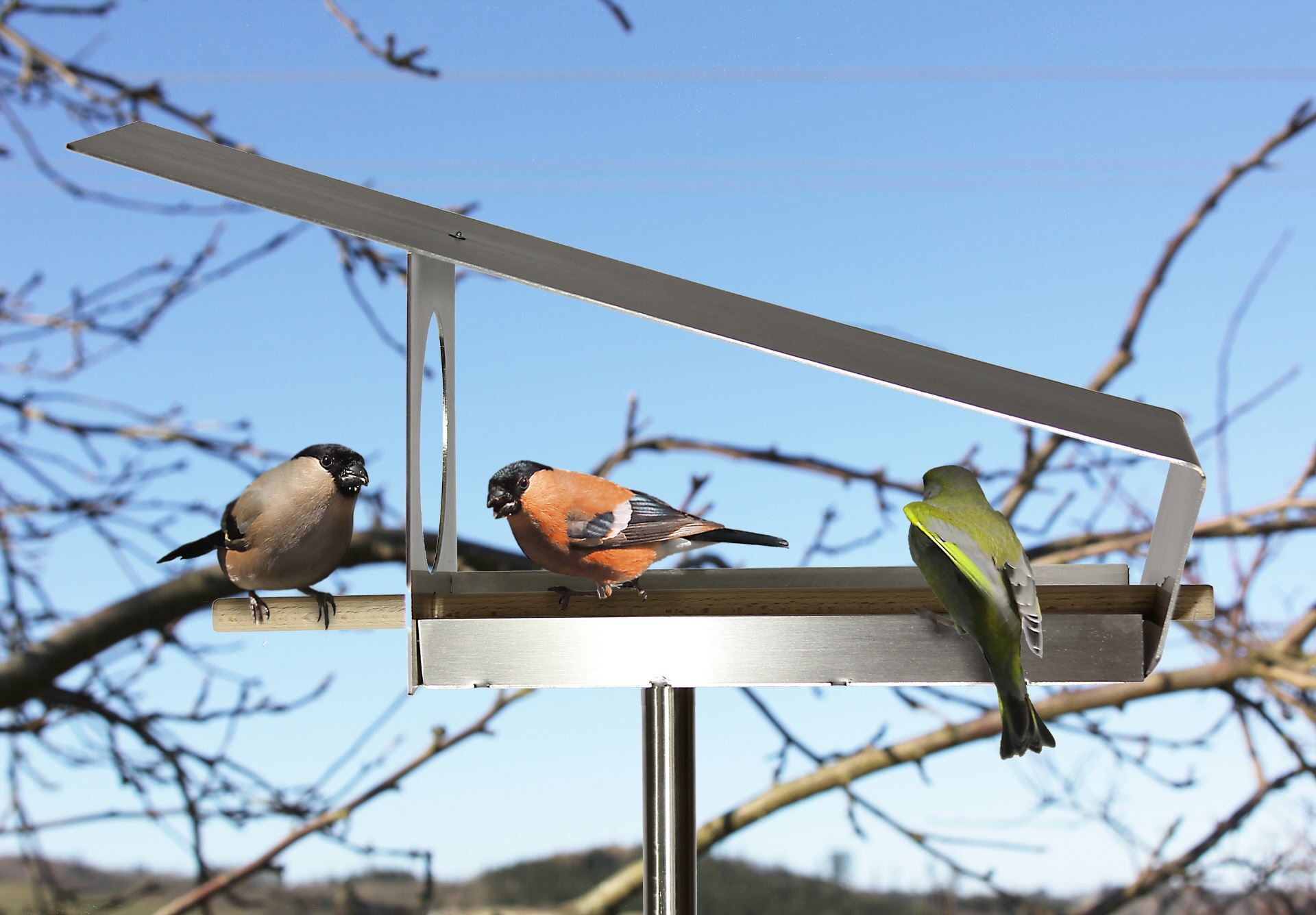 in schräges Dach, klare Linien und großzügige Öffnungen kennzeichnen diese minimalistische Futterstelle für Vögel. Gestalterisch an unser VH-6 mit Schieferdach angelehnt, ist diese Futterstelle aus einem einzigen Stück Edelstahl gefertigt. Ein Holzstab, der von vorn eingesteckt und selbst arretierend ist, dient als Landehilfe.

───

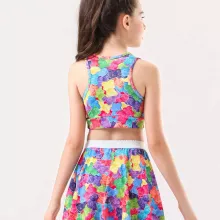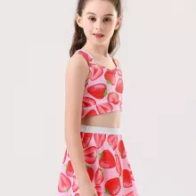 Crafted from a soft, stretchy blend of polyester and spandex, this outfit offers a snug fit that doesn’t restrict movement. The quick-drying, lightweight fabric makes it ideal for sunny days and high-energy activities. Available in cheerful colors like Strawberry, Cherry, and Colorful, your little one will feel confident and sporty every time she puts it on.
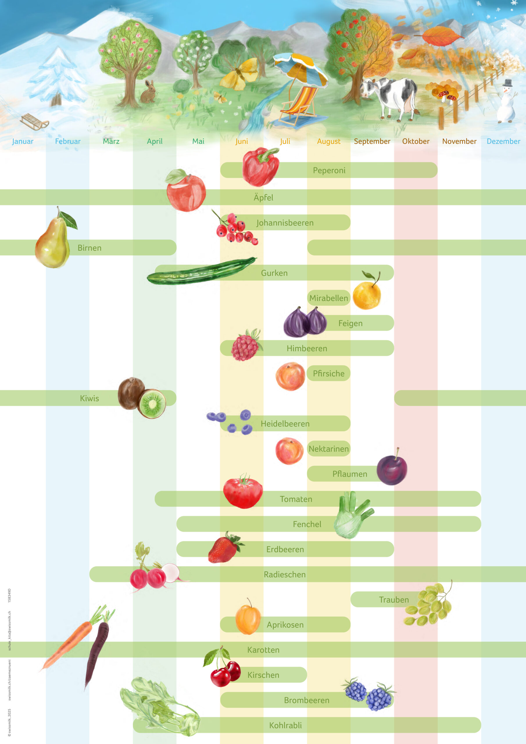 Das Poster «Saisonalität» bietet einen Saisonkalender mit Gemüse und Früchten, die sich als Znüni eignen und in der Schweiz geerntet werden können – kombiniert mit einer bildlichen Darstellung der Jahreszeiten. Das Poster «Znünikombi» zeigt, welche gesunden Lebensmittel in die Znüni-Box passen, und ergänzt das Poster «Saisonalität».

───

Your assignment
Copy exactly the part of the material above that opens with the line containing "Crafted from a" and closes with the line containing "bietet einen Saisonkalender", ends included. Drop the images.

Response to the exercise
 Crafted from a soft, stretchy blend of polyester and spandex, this outfit offers a snug fit that doesn’t restrict movement. The quick-drying, lightweight fabric makes it ideal for sunny days and high-energy activities. Available in cheerful colors like Strawberry, Cherry, and Colorful, your little one will feel confident and sporty every time she puts it on.
 Das Poster «Saisonalität» bietet einen Saisonkalender mit Gemüse und Früchten, die sich als Znüni eignen und in der Schweiz geerntet werden können – kombiniert mit einer bildlichen Darstellung der Jahreszeiten. Das Poster «Znünikombi» zeigt, welche gesunden Lebensmittel in die Znüni-Box passen, und ergänzt das Poster «Saisonalität».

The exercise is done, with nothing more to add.